Sure, that seems like it avoids a lot of potential pitfalls.

Tim.

___
Xen-devel mailing list
Xen-devel@lists.xen.org
https://lists.xen.org/xen-devel

Re: [Xen-devel] [PATCH] x86/VMX: sanitize VM86 TSS handling

2017-02-15 Thread Tim Deegan

At 01:18 -0700 on 15 Feb (1487121525), Jan Beulich wrote:
> >>> On 14.02.17 at 18:33,  wrote:
> >> TBD: Do we really want to re-init the TSS every time we are about to
> >>  use it?
> > 
> > No - I think we should init it when the guest writes the param(s) and
> > leave it at that.  Hvmloader marks it as reserved so the guest should
> > know better than to write to it, and we can't protect it against all
> > the possible ways the guest could break itself.
> > 
> > If you do want to re-init it more often, then I think it would still
> > be better to legacy guests' (lack of a) size limit once, when the guest
> > writes the base param.
> 
> The only problem with this being that at the time the base gets
> written we don't know the size yet (nor whether the guest is
> going to write it), and hence we don't know how must space to
> initialize. The lower limit we enforce on the size (if being set) is
> below the 128 byte default for old guests.

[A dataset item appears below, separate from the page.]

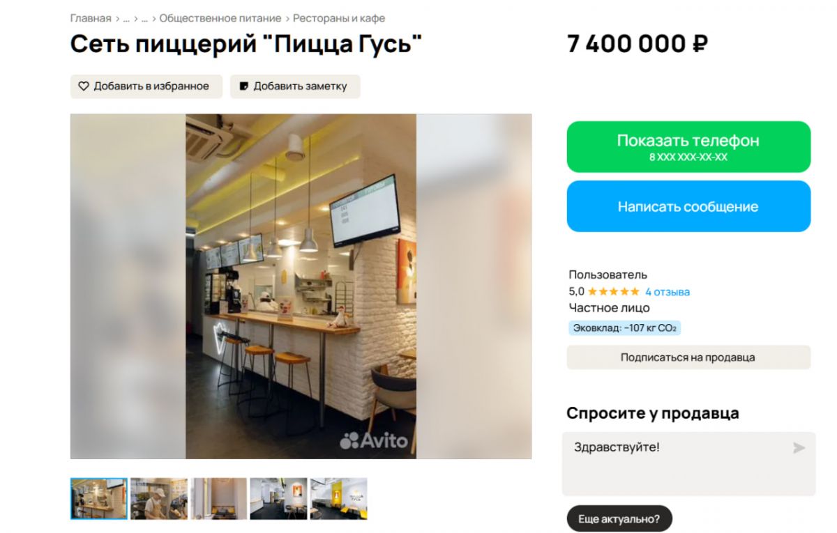 Известная воронежцам сеть пиццерий «Пицца Гусь» ищет нового владельца. Весь бизнес, включающий три точки, бренд и технологическое оборудование, выставлен на продажу на популярной интернет-площадке Avito. Общая стоимость предложения составляет 7 миллионов 400 тысяч рублей.

Why not make the lower limit 128?  I'd happily exchange simpler
hypervisor code for the theoretical case of a guest that needs to run
realmode code and cares about those few bytes.

Cheers,

Tim.

___
Xen-devel mailing list
Xen-devel@lists.xen.org
https://lists.xen.org/xen-devel

Re: [Xen-devel] [PATCH] x86/VMX: sanitize VM86 TSS handling

2017-02-15 Thread Tim Deegan

At 01:13 -0700 on 15 Feb (1487121231), Jan Beulich wrote:
> >>> On 14.02.17 at 18:35,  wrote:
> > At 06:37 -0700 on 13 Feb (1486967832), Jan Beulich wrote:
> >> >>> On 13.02.17 at 14:19,  wrote:
> >> > -tss = mem_alloc(128, 128);
> >> > -memset(tss, 0, 128);
> >> > +tss = mem_alloc(TSS_SIZE, TSS_SIZE);
> >> 
> >> tss = mem_alloc(TSS_SIZE, 128);
> >> 
> >> is sufficient here, as I've noticed (only) while reviewing Roger's
> >> series v4 of which did trigger the creation of this patch. I've made
> >> the change locally for now.
> > 
> > Should Xen check the alignment when the param gets written?
> 
> I did think about this too, but then decided not to, since the guest
> would only shoot itself in the foot (the more that in non-root mode
> no actual task switching by the hardware occurs, so the alignment
> requirement is pretty theoretical anyway).

Righto.

Tim.

___
Xen-devel mailing list
Xen-devel@lists.xen.org
https://lists.xen.org/xen-devel

Re: [Xen-devel] [PATCH] x86/VMX: sanitize VM86 TSS handling

2017-02-14 Thread Tim Deegan

At 06:37 -0700 on 13 Feb (1486967832), Jan Beulich wrote:
> >>> On 13.02.17 at 14:19,  wrote:
> > -tss = mem_alloc(128, 128);
> > -memset(tss, 0, 128);
> > +tss = mem_alloc(TSS_SIZE, TSS_SIZE);
> 
> tss = mem_alloc(TSS_SIZE, 128);
> 
> is sufficient here, as I've noticed (only) while reviewing Roger's
> series v4 of which did trigger the creation of this patch. I've made
> the change locally for now.

Should Xen check the alignment when the param gets written?

Tim.

___
Xen-devel mailing list
Xen-devel@lists.xen.org
https://lists.xen.org/xen-devel

Re: [Xen-devel] [PATCH] x86/VMX: sanitize VM86 TSS handling

2017-02-14 Thread Tim Deegan

Hi,

At 06:19 -0700 on 13 Feb (1486966797), Jan Beulich wrote:
> The present way of setting this up is flawed: Leaving the I/O bitmap
> pointer at zero means that the interrupt redirection bitmap lives
> outside (ahead of) the allocated space of the TSS. Similarly setting a
> TSS limit of 255 when only 128 bytes get allocated means that 128 extra
> bytes may be accessed by the CPU during I/O port access processing.
> 
> Introduce a new HVM param to set the allocated size of the TSS, and
> have the hypervisor actually take care of setting namely the I/O bitmap
> pointer. Both this and the segment limit now take the allocated size
> into account.
> 
> Signed-off-by: Jan Beulich 

This looks pretty good to me.  Once the question below is resolved,
Reviewed-by: Tim Deegan 

> ---
> TBD: Do we really want to re-init the TSS every time we are about to
>  use it?

No - I think we should init it when the guest writes the param(s) and
leave it at that.  Hvmloader marks it as reserved so the guest should
know better than to write to it, and we can't protect it against all
the possible ways the guest could break itself.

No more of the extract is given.